● **Aim of the exercise**
Go to the line holding "家用 車載用 充電式 ミ" in the entries below and write out exactly every line down to and including the line holding "历史学(师范类) | 558 |".

● **Recorded information**
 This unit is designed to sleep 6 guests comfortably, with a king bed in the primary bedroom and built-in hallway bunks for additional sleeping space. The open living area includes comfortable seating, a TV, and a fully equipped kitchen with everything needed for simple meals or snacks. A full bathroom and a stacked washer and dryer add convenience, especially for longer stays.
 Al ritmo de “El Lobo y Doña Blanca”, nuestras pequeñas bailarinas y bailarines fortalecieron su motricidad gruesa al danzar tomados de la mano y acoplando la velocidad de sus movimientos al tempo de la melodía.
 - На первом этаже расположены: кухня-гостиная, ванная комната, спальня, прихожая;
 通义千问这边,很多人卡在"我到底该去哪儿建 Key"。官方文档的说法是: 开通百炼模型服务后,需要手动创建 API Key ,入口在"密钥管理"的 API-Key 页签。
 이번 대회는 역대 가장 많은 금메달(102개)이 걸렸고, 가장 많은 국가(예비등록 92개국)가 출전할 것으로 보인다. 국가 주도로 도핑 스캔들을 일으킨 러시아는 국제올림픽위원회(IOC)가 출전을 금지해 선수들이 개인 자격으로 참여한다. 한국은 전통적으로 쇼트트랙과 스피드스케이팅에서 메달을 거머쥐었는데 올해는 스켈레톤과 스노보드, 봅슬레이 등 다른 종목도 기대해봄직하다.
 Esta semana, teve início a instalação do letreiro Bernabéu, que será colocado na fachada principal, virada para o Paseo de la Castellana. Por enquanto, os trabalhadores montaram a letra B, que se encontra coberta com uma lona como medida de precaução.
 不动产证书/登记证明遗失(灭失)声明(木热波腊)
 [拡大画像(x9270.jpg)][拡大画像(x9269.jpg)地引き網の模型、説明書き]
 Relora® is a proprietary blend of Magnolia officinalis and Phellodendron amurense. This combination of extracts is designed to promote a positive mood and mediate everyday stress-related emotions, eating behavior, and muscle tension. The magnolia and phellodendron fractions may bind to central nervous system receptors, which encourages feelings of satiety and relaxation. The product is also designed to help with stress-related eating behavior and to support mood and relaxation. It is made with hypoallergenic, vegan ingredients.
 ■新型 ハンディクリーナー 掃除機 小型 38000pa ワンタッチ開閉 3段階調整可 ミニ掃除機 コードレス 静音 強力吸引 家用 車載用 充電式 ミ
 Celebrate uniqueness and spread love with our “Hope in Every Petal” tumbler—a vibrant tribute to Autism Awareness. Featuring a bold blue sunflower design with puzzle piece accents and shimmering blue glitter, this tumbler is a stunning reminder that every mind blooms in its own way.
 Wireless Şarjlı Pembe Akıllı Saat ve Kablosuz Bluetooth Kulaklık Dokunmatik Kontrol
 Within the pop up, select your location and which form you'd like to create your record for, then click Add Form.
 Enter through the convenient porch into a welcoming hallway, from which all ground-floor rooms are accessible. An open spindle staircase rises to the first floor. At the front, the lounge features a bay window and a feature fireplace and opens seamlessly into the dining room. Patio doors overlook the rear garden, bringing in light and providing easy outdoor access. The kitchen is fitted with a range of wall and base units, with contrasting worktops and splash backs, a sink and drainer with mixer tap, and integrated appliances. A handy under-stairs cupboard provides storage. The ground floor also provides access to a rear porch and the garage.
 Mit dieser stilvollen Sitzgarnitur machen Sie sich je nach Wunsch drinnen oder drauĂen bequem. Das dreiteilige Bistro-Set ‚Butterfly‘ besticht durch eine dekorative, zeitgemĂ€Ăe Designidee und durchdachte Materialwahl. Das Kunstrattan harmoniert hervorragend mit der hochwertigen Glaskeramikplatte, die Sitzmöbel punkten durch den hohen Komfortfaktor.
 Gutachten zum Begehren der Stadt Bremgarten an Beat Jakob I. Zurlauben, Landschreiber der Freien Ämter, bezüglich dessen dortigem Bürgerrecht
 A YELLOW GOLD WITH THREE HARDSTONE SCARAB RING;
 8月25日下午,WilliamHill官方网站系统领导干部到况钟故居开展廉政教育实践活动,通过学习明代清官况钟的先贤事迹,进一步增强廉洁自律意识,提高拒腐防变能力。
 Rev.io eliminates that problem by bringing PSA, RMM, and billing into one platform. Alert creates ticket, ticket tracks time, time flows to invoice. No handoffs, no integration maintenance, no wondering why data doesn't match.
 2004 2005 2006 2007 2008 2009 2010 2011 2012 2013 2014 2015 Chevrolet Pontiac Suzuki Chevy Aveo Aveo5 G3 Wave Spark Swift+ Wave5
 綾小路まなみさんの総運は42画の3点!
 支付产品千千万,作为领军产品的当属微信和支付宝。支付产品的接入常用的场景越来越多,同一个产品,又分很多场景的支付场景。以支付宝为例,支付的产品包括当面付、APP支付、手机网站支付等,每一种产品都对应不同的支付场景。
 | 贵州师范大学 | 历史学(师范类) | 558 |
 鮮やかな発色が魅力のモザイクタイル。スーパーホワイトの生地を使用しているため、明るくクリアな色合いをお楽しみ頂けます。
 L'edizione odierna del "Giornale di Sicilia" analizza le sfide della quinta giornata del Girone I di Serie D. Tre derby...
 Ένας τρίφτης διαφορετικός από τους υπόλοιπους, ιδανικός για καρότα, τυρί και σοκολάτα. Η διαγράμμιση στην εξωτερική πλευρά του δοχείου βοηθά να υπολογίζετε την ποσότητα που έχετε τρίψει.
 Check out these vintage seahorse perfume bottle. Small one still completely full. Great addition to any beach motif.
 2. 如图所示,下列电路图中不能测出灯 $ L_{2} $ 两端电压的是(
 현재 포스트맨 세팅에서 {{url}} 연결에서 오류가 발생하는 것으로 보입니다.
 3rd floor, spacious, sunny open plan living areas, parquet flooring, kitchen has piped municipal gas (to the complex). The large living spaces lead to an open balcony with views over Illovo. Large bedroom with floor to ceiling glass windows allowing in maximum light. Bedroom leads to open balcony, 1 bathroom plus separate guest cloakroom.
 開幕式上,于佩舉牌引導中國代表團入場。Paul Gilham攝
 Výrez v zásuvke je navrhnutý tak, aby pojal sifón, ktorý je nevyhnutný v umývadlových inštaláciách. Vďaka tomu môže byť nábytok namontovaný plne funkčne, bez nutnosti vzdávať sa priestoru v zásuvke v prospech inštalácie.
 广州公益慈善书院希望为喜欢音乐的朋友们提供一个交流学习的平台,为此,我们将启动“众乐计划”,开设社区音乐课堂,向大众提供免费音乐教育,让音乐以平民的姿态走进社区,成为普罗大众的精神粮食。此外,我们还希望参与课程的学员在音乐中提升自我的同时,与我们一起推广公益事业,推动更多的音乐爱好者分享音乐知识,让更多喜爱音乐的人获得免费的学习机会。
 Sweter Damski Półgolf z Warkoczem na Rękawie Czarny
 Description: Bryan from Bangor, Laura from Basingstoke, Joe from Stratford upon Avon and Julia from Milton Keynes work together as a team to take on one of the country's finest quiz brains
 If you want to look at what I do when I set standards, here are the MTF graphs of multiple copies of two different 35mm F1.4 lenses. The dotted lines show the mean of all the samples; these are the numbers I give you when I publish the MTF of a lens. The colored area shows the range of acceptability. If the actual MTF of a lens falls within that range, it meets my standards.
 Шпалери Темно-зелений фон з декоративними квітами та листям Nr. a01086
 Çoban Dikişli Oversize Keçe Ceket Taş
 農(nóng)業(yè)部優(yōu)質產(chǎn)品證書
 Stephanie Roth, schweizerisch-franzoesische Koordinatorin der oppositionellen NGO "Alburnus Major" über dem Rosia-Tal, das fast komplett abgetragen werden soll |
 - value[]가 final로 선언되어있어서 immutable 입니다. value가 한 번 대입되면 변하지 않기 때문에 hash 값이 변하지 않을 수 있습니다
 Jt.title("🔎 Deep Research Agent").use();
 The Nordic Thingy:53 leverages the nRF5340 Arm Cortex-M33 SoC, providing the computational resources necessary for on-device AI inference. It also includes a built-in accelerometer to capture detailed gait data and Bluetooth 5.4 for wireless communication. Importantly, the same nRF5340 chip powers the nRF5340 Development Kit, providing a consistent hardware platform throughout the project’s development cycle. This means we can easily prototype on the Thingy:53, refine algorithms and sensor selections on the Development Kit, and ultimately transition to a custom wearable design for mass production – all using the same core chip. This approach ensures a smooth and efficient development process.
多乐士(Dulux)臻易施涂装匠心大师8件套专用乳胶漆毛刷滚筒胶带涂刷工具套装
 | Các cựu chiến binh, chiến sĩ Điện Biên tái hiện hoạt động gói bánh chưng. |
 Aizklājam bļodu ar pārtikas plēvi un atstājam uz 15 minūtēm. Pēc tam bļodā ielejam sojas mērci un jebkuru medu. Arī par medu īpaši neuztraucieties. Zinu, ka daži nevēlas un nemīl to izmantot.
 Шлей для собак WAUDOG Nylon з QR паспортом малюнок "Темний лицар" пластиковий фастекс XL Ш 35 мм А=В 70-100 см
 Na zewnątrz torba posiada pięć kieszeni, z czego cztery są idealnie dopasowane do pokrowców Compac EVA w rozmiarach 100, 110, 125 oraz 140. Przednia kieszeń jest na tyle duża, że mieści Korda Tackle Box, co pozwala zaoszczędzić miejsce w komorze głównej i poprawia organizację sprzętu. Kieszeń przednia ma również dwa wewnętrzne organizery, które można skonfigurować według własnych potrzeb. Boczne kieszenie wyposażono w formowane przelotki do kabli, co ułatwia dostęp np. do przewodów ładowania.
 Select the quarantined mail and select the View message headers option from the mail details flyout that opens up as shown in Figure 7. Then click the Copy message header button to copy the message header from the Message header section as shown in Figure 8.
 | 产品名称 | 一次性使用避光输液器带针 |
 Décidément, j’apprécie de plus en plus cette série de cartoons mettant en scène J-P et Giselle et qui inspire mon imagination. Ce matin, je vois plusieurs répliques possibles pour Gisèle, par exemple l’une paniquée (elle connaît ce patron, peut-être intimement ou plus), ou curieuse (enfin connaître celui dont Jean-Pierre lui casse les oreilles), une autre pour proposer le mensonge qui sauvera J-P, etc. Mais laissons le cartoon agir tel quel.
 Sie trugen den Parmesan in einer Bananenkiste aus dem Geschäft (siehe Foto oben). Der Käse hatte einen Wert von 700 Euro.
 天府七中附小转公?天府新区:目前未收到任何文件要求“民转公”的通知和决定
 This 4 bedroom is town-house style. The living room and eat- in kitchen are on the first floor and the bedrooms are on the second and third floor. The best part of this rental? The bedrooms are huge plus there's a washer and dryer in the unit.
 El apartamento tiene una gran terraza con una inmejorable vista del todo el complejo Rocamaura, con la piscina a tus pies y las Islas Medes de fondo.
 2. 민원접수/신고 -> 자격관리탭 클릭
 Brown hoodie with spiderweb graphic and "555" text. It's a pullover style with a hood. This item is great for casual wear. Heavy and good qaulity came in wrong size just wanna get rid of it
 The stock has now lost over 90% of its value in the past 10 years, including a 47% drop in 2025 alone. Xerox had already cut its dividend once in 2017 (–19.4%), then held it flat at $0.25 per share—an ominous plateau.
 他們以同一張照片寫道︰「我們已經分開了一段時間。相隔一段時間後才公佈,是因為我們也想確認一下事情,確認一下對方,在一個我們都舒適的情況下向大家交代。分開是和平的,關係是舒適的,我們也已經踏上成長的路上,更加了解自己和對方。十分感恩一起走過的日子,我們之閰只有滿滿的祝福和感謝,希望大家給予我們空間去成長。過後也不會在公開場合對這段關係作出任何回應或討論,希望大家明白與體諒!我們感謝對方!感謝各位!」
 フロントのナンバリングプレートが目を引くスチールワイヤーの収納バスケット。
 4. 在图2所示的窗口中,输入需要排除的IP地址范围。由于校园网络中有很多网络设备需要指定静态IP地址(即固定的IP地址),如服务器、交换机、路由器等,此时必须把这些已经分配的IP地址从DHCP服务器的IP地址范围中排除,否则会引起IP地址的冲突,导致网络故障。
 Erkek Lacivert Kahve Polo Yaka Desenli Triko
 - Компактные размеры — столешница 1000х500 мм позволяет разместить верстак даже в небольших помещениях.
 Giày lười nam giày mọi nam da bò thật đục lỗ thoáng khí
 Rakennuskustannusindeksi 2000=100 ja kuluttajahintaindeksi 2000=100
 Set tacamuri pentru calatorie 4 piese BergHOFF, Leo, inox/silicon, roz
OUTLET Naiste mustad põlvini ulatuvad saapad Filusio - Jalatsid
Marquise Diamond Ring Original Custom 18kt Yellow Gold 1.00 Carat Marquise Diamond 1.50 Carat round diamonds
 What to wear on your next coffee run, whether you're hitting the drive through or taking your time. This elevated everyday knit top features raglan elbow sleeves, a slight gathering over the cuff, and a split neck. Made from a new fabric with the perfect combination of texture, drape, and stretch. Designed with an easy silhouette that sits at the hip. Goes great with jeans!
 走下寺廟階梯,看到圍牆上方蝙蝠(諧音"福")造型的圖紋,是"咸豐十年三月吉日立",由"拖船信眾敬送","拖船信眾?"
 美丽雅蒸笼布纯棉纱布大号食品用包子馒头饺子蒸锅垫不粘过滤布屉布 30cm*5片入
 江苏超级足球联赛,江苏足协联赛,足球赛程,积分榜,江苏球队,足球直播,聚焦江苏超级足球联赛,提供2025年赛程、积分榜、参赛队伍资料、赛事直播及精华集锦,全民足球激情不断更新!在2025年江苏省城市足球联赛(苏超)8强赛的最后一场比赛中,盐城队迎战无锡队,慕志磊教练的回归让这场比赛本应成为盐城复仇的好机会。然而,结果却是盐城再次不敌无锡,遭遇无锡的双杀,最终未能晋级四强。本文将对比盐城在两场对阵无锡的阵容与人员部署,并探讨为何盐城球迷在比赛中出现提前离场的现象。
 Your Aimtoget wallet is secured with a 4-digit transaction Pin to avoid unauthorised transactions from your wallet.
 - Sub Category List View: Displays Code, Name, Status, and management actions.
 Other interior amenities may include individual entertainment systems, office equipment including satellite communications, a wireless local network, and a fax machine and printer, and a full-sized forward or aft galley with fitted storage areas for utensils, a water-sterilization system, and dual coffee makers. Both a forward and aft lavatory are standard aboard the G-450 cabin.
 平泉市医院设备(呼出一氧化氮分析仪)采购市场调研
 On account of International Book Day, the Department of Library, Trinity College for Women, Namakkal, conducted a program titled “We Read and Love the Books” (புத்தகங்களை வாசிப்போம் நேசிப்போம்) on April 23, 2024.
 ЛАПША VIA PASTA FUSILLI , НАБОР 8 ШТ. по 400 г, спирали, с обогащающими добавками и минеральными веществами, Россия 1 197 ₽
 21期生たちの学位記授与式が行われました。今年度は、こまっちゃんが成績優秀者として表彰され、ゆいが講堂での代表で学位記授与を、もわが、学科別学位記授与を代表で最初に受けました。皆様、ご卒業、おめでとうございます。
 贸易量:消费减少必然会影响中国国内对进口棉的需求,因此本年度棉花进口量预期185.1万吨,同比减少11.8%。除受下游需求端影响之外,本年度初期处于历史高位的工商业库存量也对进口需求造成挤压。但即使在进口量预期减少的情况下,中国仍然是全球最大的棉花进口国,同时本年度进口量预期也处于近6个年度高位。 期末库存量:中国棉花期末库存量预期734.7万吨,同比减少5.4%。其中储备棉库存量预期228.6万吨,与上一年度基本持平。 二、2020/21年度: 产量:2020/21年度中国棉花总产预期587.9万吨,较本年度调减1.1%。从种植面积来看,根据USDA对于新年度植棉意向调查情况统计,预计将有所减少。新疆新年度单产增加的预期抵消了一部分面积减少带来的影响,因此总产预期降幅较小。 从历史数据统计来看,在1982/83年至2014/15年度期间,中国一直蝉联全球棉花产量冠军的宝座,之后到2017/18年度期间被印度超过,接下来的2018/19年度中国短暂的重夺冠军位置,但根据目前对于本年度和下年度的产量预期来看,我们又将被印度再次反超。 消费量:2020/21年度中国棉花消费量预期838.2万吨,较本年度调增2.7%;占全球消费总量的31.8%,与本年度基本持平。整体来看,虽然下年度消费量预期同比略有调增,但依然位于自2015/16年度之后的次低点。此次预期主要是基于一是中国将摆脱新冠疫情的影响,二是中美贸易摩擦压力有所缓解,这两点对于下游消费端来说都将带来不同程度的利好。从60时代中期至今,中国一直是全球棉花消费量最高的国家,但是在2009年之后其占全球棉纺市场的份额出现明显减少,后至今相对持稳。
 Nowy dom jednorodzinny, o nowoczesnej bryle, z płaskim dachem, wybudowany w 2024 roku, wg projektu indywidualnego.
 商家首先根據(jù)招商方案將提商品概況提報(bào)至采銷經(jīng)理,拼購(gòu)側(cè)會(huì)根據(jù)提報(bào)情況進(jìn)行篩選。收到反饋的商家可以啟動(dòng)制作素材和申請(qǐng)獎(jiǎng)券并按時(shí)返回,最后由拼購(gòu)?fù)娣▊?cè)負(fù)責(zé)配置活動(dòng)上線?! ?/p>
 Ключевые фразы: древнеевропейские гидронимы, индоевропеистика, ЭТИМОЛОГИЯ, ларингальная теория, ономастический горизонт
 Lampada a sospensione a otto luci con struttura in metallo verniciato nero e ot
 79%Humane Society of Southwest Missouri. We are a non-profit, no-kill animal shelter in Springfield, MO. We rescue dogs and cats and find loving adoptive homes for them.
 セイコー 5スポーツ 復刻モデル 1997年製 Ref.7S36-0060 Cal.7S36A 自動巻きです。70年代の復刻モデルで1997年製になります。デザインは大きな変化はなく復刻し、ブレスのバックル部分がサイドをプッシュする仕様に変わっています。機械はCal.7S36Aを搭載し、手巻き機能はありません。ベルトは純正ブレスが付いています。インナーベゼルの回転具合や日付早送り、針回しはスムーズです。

● **Written solution**
 ■新型 ハンディクリーナー 掃除機 小型 38000pa ワンタッチ開閉 3段階調整可 ミニ掃除機 コードレス 静音 強力吸引 家用 車載用 充電式 ミ
 Celebrate uniqueness and spread love with our “Hope in Every Petal” tumbler—a vibrant tribute to Autism Awareness. Featuring a bold blue sunflower design with puzzle piece accents and shimmering blue glitter, this tumbler is a stunning reminder that every mind blooms in its own way.
 Wireless Şarjlı Pembe Akıllı Saat ve Kablosuz Bluetooth Kulaklık Dokunmatik Kontrol
 Within the pop up, select your location and which form you'd like to create your record for, then click Add Form.
 Enter through the convenient porch into a welcoming hallway, from which all ground-floor rooms are accessible. An open spindle staircase rises to the first floor. At the front, the lounge features a bay window and a feature fireplace and opens seamlessly into the dining room. Patio doors overlook the rear garden, bringing in light and providing easy outdoor access. The kitchen is fitted with a range of wall and base units, with contrasting worktops and splash backs, a sink and drainer with mixer tap, and integrated appliances. A handy under-stairs cupboard provides storage. The ground floor also provides access to a rear porch and the garage.
 Mit dieser stilvollen Sitzgarnitur machen Sie sich je nach Wunsch drinnen oder drauĂen bequem. Das dreiteilige Bistro-Set ‚Butterfly‘ besticht durch eine dekorative, zeitgemĂ€Ăe Designidee und durchdachte Materialwahl. Das Kunstrattan harmoniert hervorragend mit der hochwertigen Glaskeramikplatte, die Sitzmöbel punkten durch den hohen Komfortfaktor.
 Gutachten zum Begehren der Stadt Bremgarten an Beat Jakob I. Zurlauben, Landschreiber der Freien Ämter, bezüglich dessen dortigem Bürgerrecht
 A YELLOW GOLD WITH THREE HARDSTONE SCARAB RING;
 8月25日下午,WilliamHill官方网站系统领导干部到况钟故居开展廉政教育实践活动,通过学习明代清官况钟的先贤事迹,进一步增强廉洁自律意识,提高拒腐防变能力。
 Rev.io eliminates that problem by bringing PSA, RMM, and billing into one platform. Alert creates ticket, ticket tracks time, time flows to invoice. No handoffs, no integration maintenance, no wondering why data doesn't match.
 2004 2005 2006 2007 2008 2009 2010 2011 2012 2013 2014 2015 Chevrolet Pontiac Suzuki Chevy Aveo Aveo5 G3 Wave Spark Swift+ Wave5
 綾小路まなみさんの総運は42画の3点!
 支付产品千千万,作为领军产品的当属微信和支付宝。支付产品的接入常用的场景越来越多,同一个产品,又分很多场景的支付场景。以支付宝为例,支付的产品包括当面付、APP支付、手机网站支付等,每一种产品都对应不同的支付场景。
 | 贵州师范大学 | 历史学(师范类) | 558 |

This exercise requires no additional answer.